For many years, Inter-America Development Bank (IDB) has operated its biodiversity and ecosystems services programme for its investments in Latin America and Caribbean region. This is one of the most biologically diverse regions in the world. Through this programme, IDB assesses client dependency on nature’s services to inform lending decisions and to develop green investment products.

Is valuation really just about commoditising nature?

This is not about commoditising or privatising nature, which is a common criticism of financially valuing nature’s services. The purpose of assigning a financial value is not to change the fundamental value of nature – which is arguably priceless. 
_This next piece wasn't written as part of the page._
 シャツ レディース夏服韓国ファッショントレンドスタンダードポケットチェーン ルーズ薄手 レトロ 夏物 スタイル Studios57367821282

The importance of translating natural capital considerations into financial information is that it allows more informed decision-making especially on trade-offs. At the bigger picture level having a financial value for natural capital shared by society at large, as distinct from being perceived as “free”, can shift behaviour away from degradation to restoration.

Beyond carbon pricing, there are resource taxes and other market incentives to reduce natural capital degradation. What are the key initiatives business should watch? 
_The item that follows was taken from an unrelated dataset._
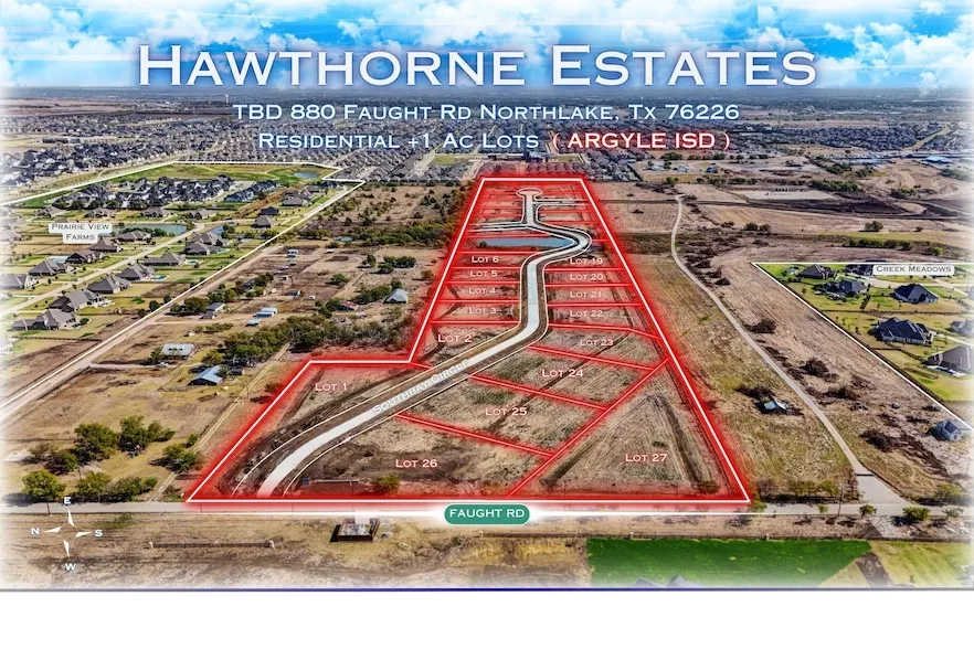 UPDATE: The Subdivision is wrapping up final details, Multiple lots have already been sold. Contact most updated Lot Availability ( Not All Lots Are Listed )!! ARGLYE ISD, BRING OWN BUILDER & NO REQUIRED START DATE !!Discover the perfect blend of tranquility and convenience at Hawthorne Estates, Located at 880 Faught Rd, brand-new community nestled in the heart of Northlake, Texas. With 27 spacious lots ranging from .9 to 1.27 acres, this haven offers a peaceful and scenic retreat for homeowners. One of Hawthorne Estates' standout features is its location within the prestigious Argyle ISD School District, renowned for being one of Texas's highest-rated school districts. An excellent education right at your doorstep, ensuring a bright future. Furthermore, this community offers easy access to nearby shopping centers and highways, making daily errands and weekend outings a breeze. Immerse yourself in the serenity of Hawthorne Estates while staying connected to the conveniences of modern life. A Destination Ready to be Called Home!

National accounting systems to support “beyond GDP/GNP” metrics are already being implemented in over 40 countries by policy makers. This provides the foundation for future policy tools –  such as natural asset pricing, resources targets and taxation – to be developed. New markets driving carbon reductions, conservation of biodiversity, water, forests and sustainable investment are growing opportunities. 

The increasing number of countries requiring mandatory sustainability reporting is a further driver for increasing financial and non-financial accountability. There are also many initiatives focusing on standardising business metrics for natural capital accounting. However, until regulatory or market incentives require action, using these metrics is only a voluntary exercise.

What is your one key message?

Simply put: societies, business and our economies depend on healthy and functioning natural systems and the resources and services they provide. This is our natural capital and just like financial and other forms of capital it is in our interest to preserve not deplete it.

 

Dr Dorothy Maxwell is director of The Sustainable Business Group and author of the new book Valuing Natural Capital – Future Proofing Business and Finance.